SEATTLE - Cancer cells are a mishmash of DNA damage: broken chromosomes, rearranged bases, chromosomes or too short too long. But despite the wealth of observed associations between DNA damage and tumors, scientists are just beginning to understand the genetic accidents that result in tumor progression. Now, a team found that mice with defects in DNA repair are especially prone to tumors.

A crowd of insults can damage DNA, ultraviolet light or certain chemicals to defects in the own ability of DNA to replicate. Cells have two repair options closely related: the shift repair and proofreading, each based on a separate group of enzymes called polymerases. It was ten years ago, scientists linked mutations in mismatch repair genes to a rare cancer called hereditary colon cancer without polyposis. But no other human cancers have been linked to DNA repair replication defects.

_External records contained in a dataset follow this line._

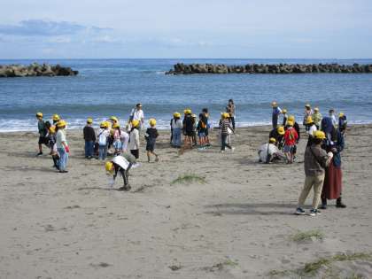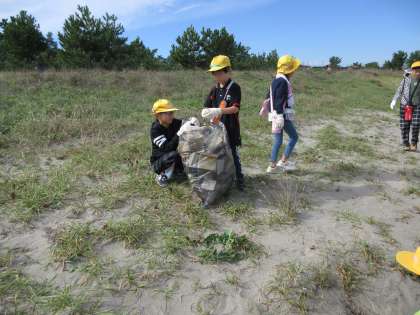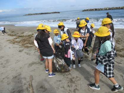 今日は天候に恵まれたため、大村海岸清掃を実施しました。にこにこグループごとに海岸まで歩き、砂浜の清掃をしました。ペットボトルや発泡スチロール、日用品など、様々なものが落ちていました。子供たちのがんばりのおかげで、砂浜がきれいになりました。
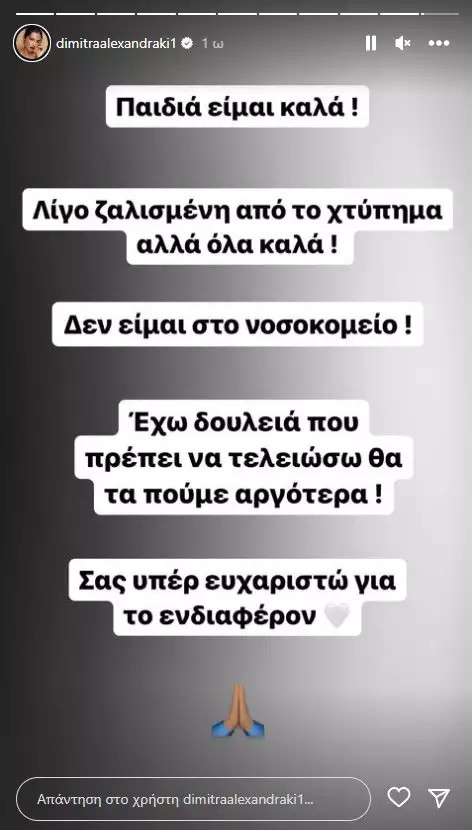 Λίγη ώρα αργότερα, η ίδια επιβεβαίωσε την είδηση με ανάρτηση στα social media, όπου έγραψε «λίγο ζαλισμένη από το χτύπημα αλλά όλα καλά. Δεν είμαι στο νοσοκομείο, έχω δουλειά που πρέπει να τελειώσω».
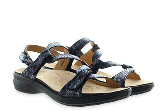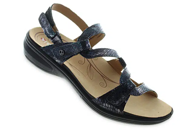 This 3 strap sandal has both narrow and wide widths and a molded footbed that can be easily removed to fit your orthotics, AFO’s or braces.
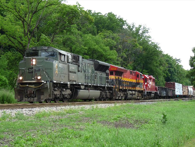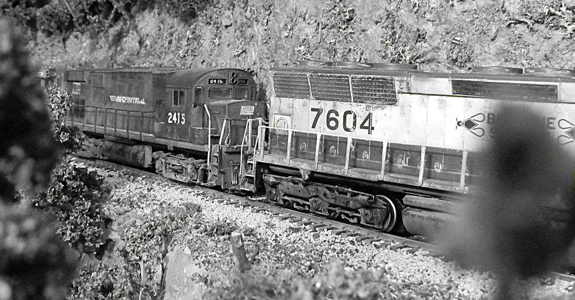 Todd - Nice black & white shot. Penn Central SD45 locomotives (Walthers Proto) rounding the curve by the coal dealer, ![]()

Bradley Preston, a pathologist at the University of Washington, Seattle, wondered whether defects in proofreading, another repair mechanism, could also faster tumors. He and his colleagues created mice with defects in one of the two DNA polymerases critical for replay. He compared those animals with another strain of mice with defects in mismatch repair. All three died of cancer, but not the same: A defective-replay strain succumbed to skin cancer, while other gastrointestinal tumors developed, such as mismatch-faulty strain

Next the Preston group mated mice. generate animals with defects in both repair mechanisms. The mice that were homozygous - in other words, animals that had inherited the defective gene from both parents - for both defective mismatch repair defective and were not born at all. Most striking were homozygous animals for mismatch repair and heterozygous for proofreading; all died of cancer, most lymphomas, 3 months of age. DNA in their cells mutated 0 times more often than normal, Preston reported here since February 13 at the annual meeting of the AAAS. "It is the highest mutation rate we've ever seen," he said.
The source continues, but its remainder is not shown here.